Jacobsen Peter Karl
Steno Diabetes Center, Gentofte, Denmark.
J Renin Angiotensin Aldosterone Syst. 2005 Sep;6(2):55-68. doi: 10.3317/jraas.2005.011.
Diabetic nephropathy is a major cause of diabetes related morbidity and mortality. The first part of the current review was published in the last issue of this journal and discussed the important role of the renin-angiotensin system (RAS) in diabetic nephropathy and the genetic influence on development of endstage renal disease (ESRD) in diabetic patients. This second part of the review focus on the potential improvement of the current treatment strategy to slow down the loss of kidney function using dual blockade of the RAS with both ACE-inhibitors (ACE-I) and angiotensin II receptor blockers (ARBs). Substantial evidence from short-term studies using surrogate endpoints indicates a beneficial impact of dual blockade of the RAS, not obtainable with single agent blockade alone, both in diabetic and non-diabetic renal disease. This conclusion has been confirmed and extended in a longterm trial with regard to prevention of ESRD in non-diabetic renal disease. Results indicate that dual blockade of the RAS may further slow down, but not arrest progressive loss of renal function. However, studies defining the optimal dose of ACE-I / ARBs without additional adverse effects are essential to ensure relevant comparison with dual blockade therapy. Trials using primary renal endpoints in diabetic nephropathy are still needed, and will finally establish the role of dual blockade of the RAS in a clinical setting.

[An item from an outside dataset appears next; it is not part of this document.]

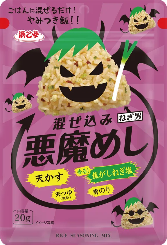 2019年8月に発売後、11か月で約340万個(浜乙女出荷実績)と大ヒットの「混ぜ込み 悪魔めし」。今回はシリーズ第2弾として「混ぜ込み 悪魔めし 焦がしねぎ塩」を発売いたします。サクサク食感の「天かす(あげ玉)」、磯の風味が食欲をそそる「青のり」、どなたにも食べやすい「天つゆ(顆粒)」をベースに、「2種のねぎ(焦がしねぎ、乾燥ねぎ)」の香ばしさと風味、アクセントに「塩(顆粒)」を加えた、混ぜ込みタイプのふりかけです。

糖尿病肾病是糖尿病相关发病和死亡的主要原因。本综述的第一部分发表于本刊上一期,讨论了肾素 - 血管紧张素系统(RAS)在糖尿病肾病中的重要作用以及遗传因素对糖尿病患者终末期肾病(ESRD)发生发展的影响。本综述的第二部分重点关注当前治疗策略的潜在改进,即通过同时使用血管紧张素转换酶抑制剂(ACE-I)和血管紧张素II受体阻滞剂(ARB)对RAS进行双重阻断,以减缓肾功能丧失。来自使用替代终点的短期研究的大量证据表明,在糖尿病和非糖尿病肾病中,RAS双重阻断均具有有益作用,而单独使用单一药物阻断则无法实现这一点。这一结论在一项关于预防非糖尿病肾病患者发生ESRD的长期试验中得到了证实和扩展。结果表明,RAS双重阻断可能会进一步减缓,但无法阻止肾功能的进行性丧失。然而,确定无额外不良反应的ACE-I/ARB最佳剂量的研究对于确保与双重阻断疗法进行相关比较至关重要。仍需要在糖尿病肾病中使用主要肾脏终点的试验,最终将确定RAS双重阻断在临床环境中的作用。